Data items

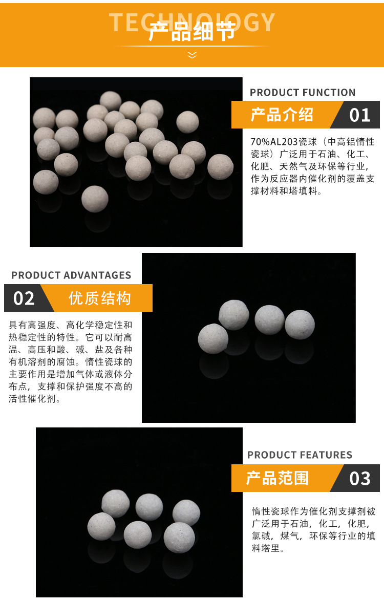●惰性氧化铝瓷球是一种高强度、高空隙率的新型支撑、覆盖及保护催化剂用球形支撑保护填料。
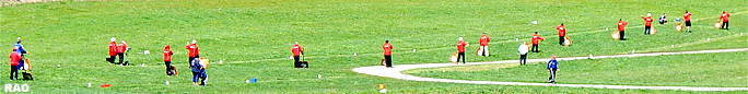 Hornusser schlägt die "Nuss" mit einem "Stecken" ins Ries (Spielfeld).
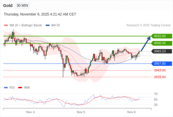 在 3957.00 之上,看涨,目标价位为 4000.00 ,然后为 4015.00 。
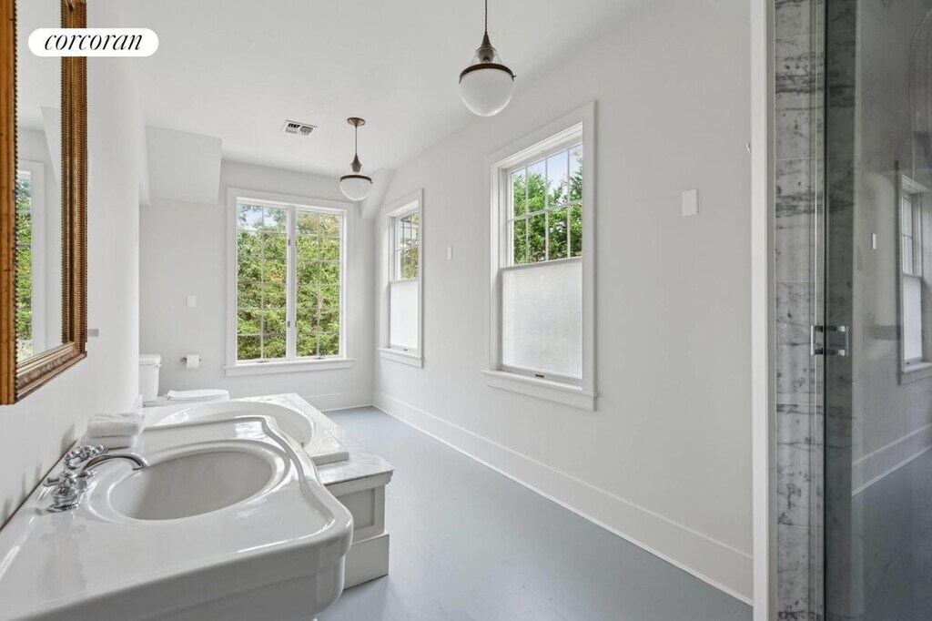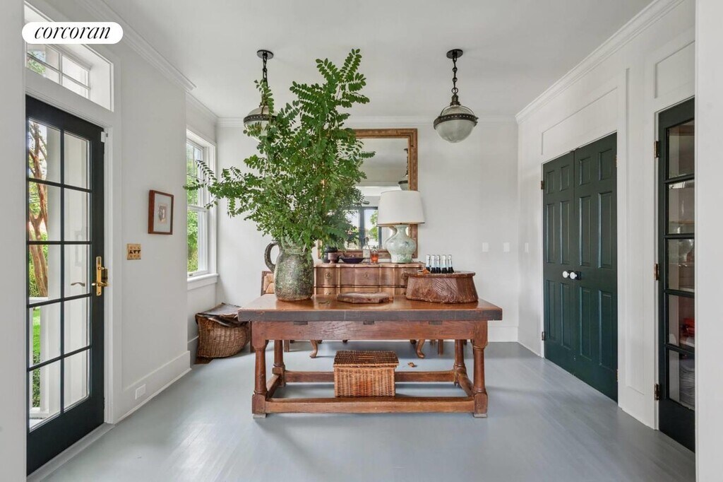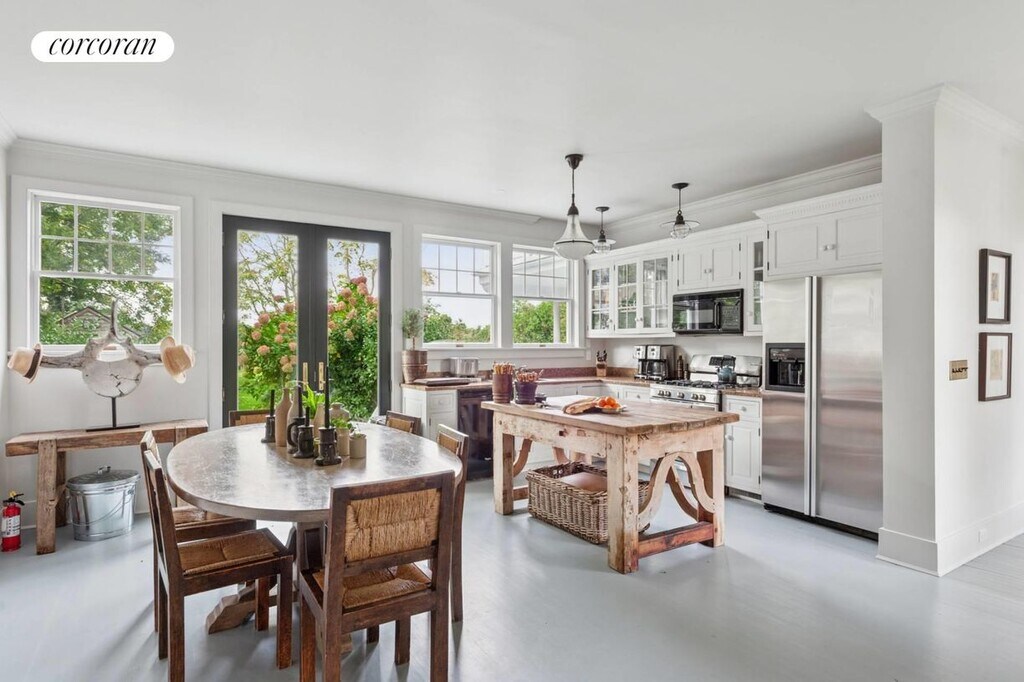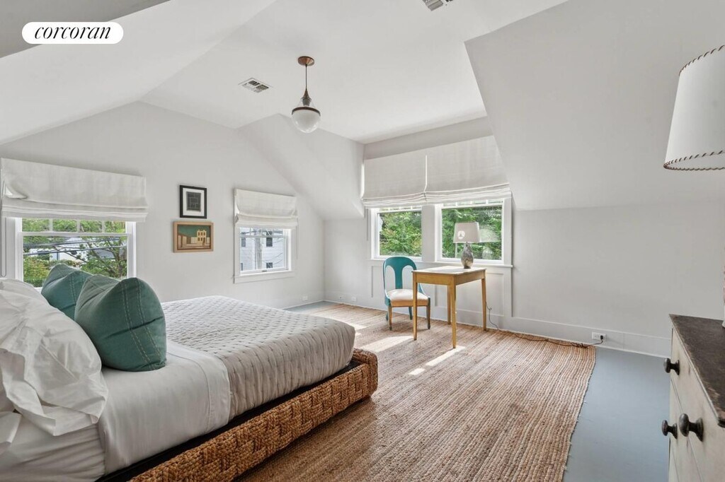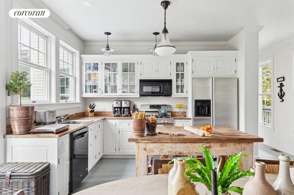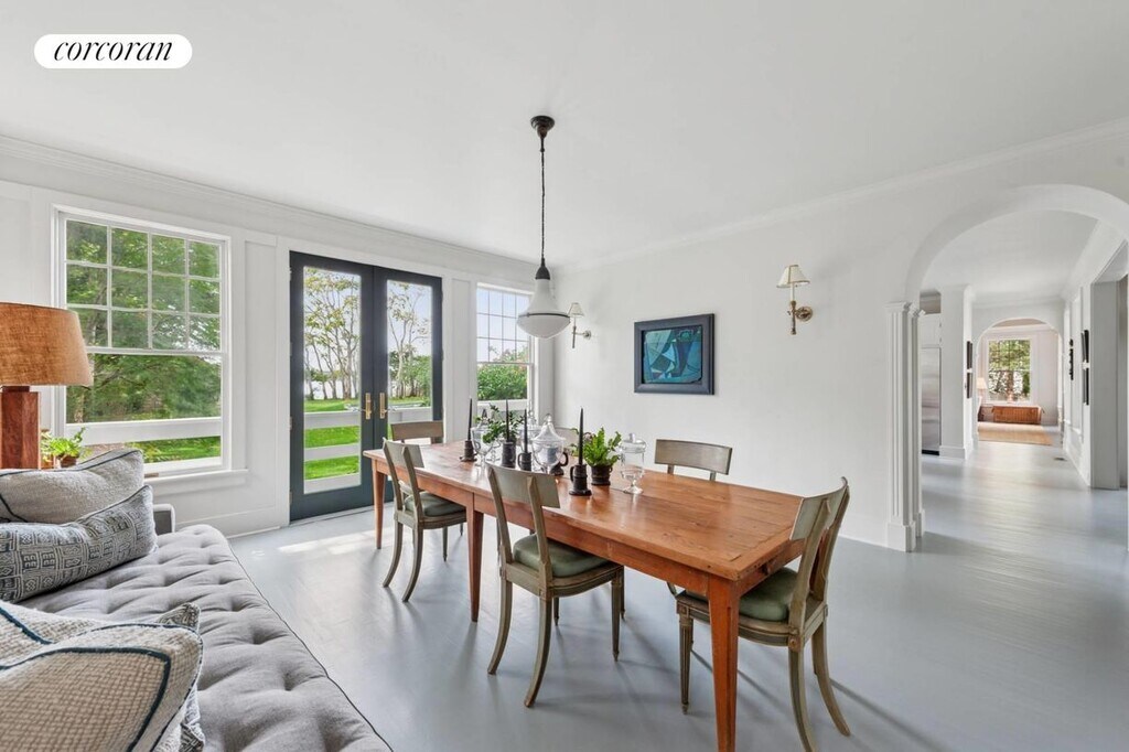 On one of the most coveted streets in Sag Harbor Village, this waterfront residence embodies a rare balance of sophistication and ease-a home where design and light converse in perfect harmony. Every room reveals a thoughtful hand: painted wood floors that feel timeworn yet refined, millwork that frames the play of sun and shadow, and spaces that invite both gathering and quiet reflection. Within its 4,000+ square feet, the home unfolds with natural rhythm. The living room, anchored by a wood-burning fireplace and coffered ceiling, opens through French doors to the harbor beyond. A dining room washed in soft light encourages long, lingering meals, while the kitchen-an artful blend of patinaed woods, stone, and crisp cabinetry-captures the essence of coastal simplicity elevated by craftsmanship. A den, office, and multiple sitting rooms offer places of retreat, each with its own character and purpose. Upstairs, five serene bedrooms include a primary suite that feels suspended between land and water. Its private terrace overlooks the harbor, a front-row seat to morning light and breathtaking sunsets. Throughout, textures and tones are deliberately restrained-allowing the architecture, the light, and the views to take center stage. Outdoors, the design extends seamlessly. A deep covered porch and bluestone terraces lead to a 20 x 40 heated gunite pool, surrounded by lawn and lush gardens that flow gently toward 100 feet of private waterfront and a private dock with power and water - perfect for a morning paddle or an evening cruise beneath a painted sky. A separate guest cottage additional options for you and your guests to rest, reflect, and enjoy. Every element of this home, from its understated palette to its handcrafted finishes, speaks to enduring quality and a sense of calm. This is a property that feels at once timeless and alive-a Sag Harbor retreat where craftsmanship meets serenity, and every day ends in magic.
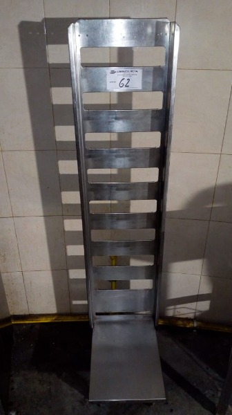 CARRO DE ACERO INOXIDABLE RODANTE PARA CANASTOS DE FREIDORA, CAPACIDAD PARA 10 CANASTOS.
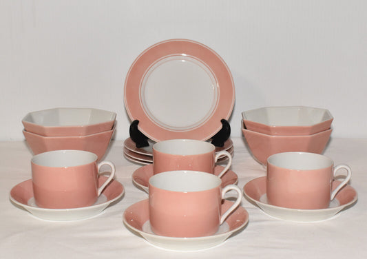 Vintage Fitz & Floyd Fine China Pink Rondelet Luncheon Set Plates Bowls Cups 16PCS
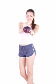 kibic piłki nożnej kobiet z gwizdkiem i piłki nożnej, studio
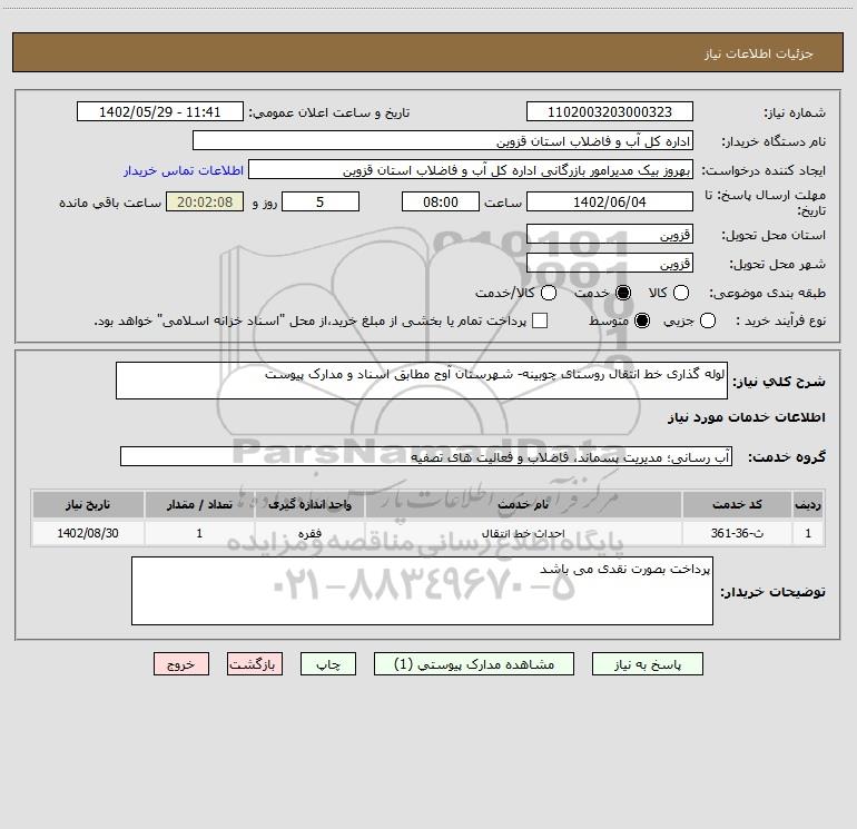 شرح کلی نیاز: لوله گذاری خط انتقال روستای چوبینه- شهرستان آوج مطابق اسناد و مدارک پیوست

* _Task details_
Pictures aren't part of the copy; return each record above exactly.

* _Completed task_
●惰性氧化铝瓷球是一种高强度、高空隙率的新型支撑、覆盖及保护催化剂用球形支撑保护填料。
 Hornusser schlägt die "Nuss" mit einem "Stecken" ins Ries (Spielfeld).
 在 3957.00 之上,看涨,目标价位为 4000.00 ,然后为 4015.00 。
 On one of the most coveted streets in Sag Harbor Village, this waterfront residence embodies a rare balance of sophistication and ease-a home where design and light converse in perfect harmony. Every room reveals a thoughtful hand: painted wood floors that feel timeworn yet refined, millwork that frames the play of sun and shadow, and spaces that invite both gathering and quiet reflection. Within its 4,000+ square feet, the home unfolds with natural rhythm. The living room, anchored by a wood-burning fireplace and coffered ceiling, opens through French doors to the harbor beyond. A dining room washed in soft light encourages long, lingering meals, while the kitchen-an artful blend of patinaed woods, stone, and crisp cabinetry-captures the essence of coastal simplicity elevated by craftsmanship. A den, office, and multiple sitting rooms offer places of retreat, each with its own character and purpose. Upstairs, five serene bedrooms include a primary suite that feels suspended between land and water. Its private terrace overlooks the harbor, a front-row seat to morning light and breathtaking sunsets. Throughout, textures and tones are deliberately restrained-allowing the architecture, the light, and the views to take center stage. Outdoors, the design extends seamlessly. A deep covered porch and bluestone terraces lead to a 20 x 40 heated gunite pool, surrounded by lawn and lush gardens that flow gently toward 100 feet of private waterfront and a private dock with power and water - perfect for a morning paddle or an evening cruise beneath a painted sky. A separate guest cottage additional options for you and your guests to rest, reflect, and enjoy. Every element of this home, from its understated palette to its handcrafted finishes, speaks to enduring quality and a sense of calm. This is a property that feels at once timeless and alive-a Sag Harbor retreat where craftsmanship meets serenity, and every day ends in magic.
 CARRO DE ACERO INOXIDABLE RODANTE PARA CANASTOS DE FREIDORA, CAPACIDAD PARA 10 CANASTOS.
 Vintage Fitz & Floyd Fine China Pink Rondelet Luncheon Set Plates Bowls Cups 16PCS
 kibic piłki nożnej kobiet z gwizdkiem i piłki nożnej, studio
 شرح کلی نیاز: لوله گذاری خط انتقال روستای چوبینه- شهرستان آوج مطابق اسناد و مدارک پیوست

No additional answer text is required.